“哎虞总啊,你有没有现明嘉那位最近手上戒不离身的,这是好事将近了?可怎么没听到什么要联姻的风声啊?”
另一人附和:“是啊,谁跟谁家要合作,不都会提前放出消息吗?温总那戒指都戴了一个月了,也不见有什么影子,该不会是家里头那位见不得人吧?”
虞柏洲的脸当场就沉了,心里头暗骂虞卿辞给他惹事生非,开口时却下意识维护了温砚笙:“自己没能力的才会想着上别人家讨饭吃,以她如今的地位,用得着联姻吗?”
他的语气像是在调侃:“我以为诸位今天来此是想要在高铁新区一起分一杯羹的,如今看来,诸位对砚笙的兴趣明显高于高铁新区,到是我目光狭隘了。”
他的话一出,周围一圈人都愣住了。他们的目的自然是为了合作项目而来,于婉华在时,他们跟明嘉合作密切,如今温砚笙上位,免不得觉得有些隔阂,便打算求到虞柏洲这里。
谁能想到三言两语反倒犯了虞柏洲的不快,只能硬着头皮继续迎合:“哪里的话,我们也就是想跟着喝点汤,哪有虞总高瞻远瞩,一年前就现了温总这颗沧海遗珠,我听说高铁新区的合作,还是明嘉主动送上门求合作的?”
“是啊是啊,我也听说了,德信和利华、以及那几家银行都派人去明嘉多少回了想要分一杯羹,都空手而归,我们都要以为明嘉要单打独斗了,哪知道最后是落入博鑫的口袋啊,虞总,我们今后可都得仰仗您啊。”
虞柏洲不动声色的抿了口香槟,说:“她开的条件合适,又是主动寻过来的,我总得给小辈几分面子。”
这话一出,又是引来周围人的一阵恭维,如今明嘉因为高铁新区的项目如日中天,就连银行也上赶着送钱,云城重点的扶持项目,怎么着也黄不了。一句‘主动寻过来’,羡煞了不知多少人的眼。
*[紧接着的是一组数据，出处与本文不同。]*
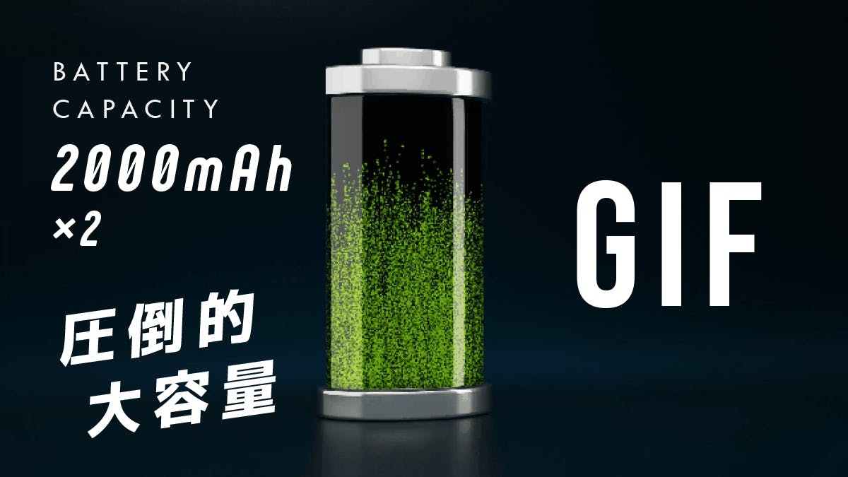 2,000mAh×2(4,000mAh)の大容量リチウムイオンバッテリーは、多くのスマホ等で使われているUSB Type-Cケーブルでバッテリー充電ができます。

这时温砚笙举着酒杯走过来,众人见状,自觉为她跟虞柏洲留出一方空间。
“虞叔叔。”
温砚笙依旧是那副温和有礼的面孔。
虞柏洲随意点了下头,目光就被温砚笙握着酒杯的手指闪了一下,他神色复杂的看着温砚笙的手提醒她:“刚刚那些人向我打听你的另一伴。”
“这段时间有不少人向我提出过合作的意向,温家的长辈也闹过几回,这个戒指能免去我一些麻烦。”
温砚笙将‘联姻’这种事归结为合作,很符合外人口中冷漠无情的作风。
虞柏洲想起自己远在异国他乡深情不渝的女儿,再看看眼前这个一口一个‘合作’的温砚笙,顿时血压都高上来。
他又重新打量了一番温砚笙,就算以再挑剔的眼光,他也不得不承认自己女儿的眼光真的很好,即使在声色浮华的名利圈,温砚笙的气质和手腕也是独一份的。
“你要戴什么饰品我管不着你,但我还没同意你……”
虞柏洲的话说到一半,温砚笙已经低下声音说:“虞叔叔,我明白的,我不会让阿辞被卷入这样的流言中,请您放心。”
她这话一出来,虞柏洲原本打好的腹稿都用不上了。
“你说放心就能放心?”
他冷哼一声,“要不是你们两个的这桩事,她根本就不会牵扯进这样的事情里,你也是,一个女孩子,好好地非让人议论。”
话说到这里,他顿了顿,又改了口风:“总之,等你们两个人都兑现了当初的承诺,再来跟我谈其他的吧。”
“虞叔叔,谢谢您的宽宏大量。”
温砚笙真心实意地说。
虞柏洲其实也知道是自家猪非要拱人家这颗白菜,但站在一个父亲的角度,总是偏袒自己女儿的。就连永擎那个项目,也是故意为难虞卿辞,先让她知难而退。
可谁知道半年过去了,自个女儿连家都不回一趟,更别提是来跟他服软。虞柏洲心里也憋着火,对待温砚笙的态度难免不比从前。
但温砚笙这句‘宽宏大量’,却让向来在应酬中得心应手的虞柏洲沉默了:“你觉得我宽宏大量?”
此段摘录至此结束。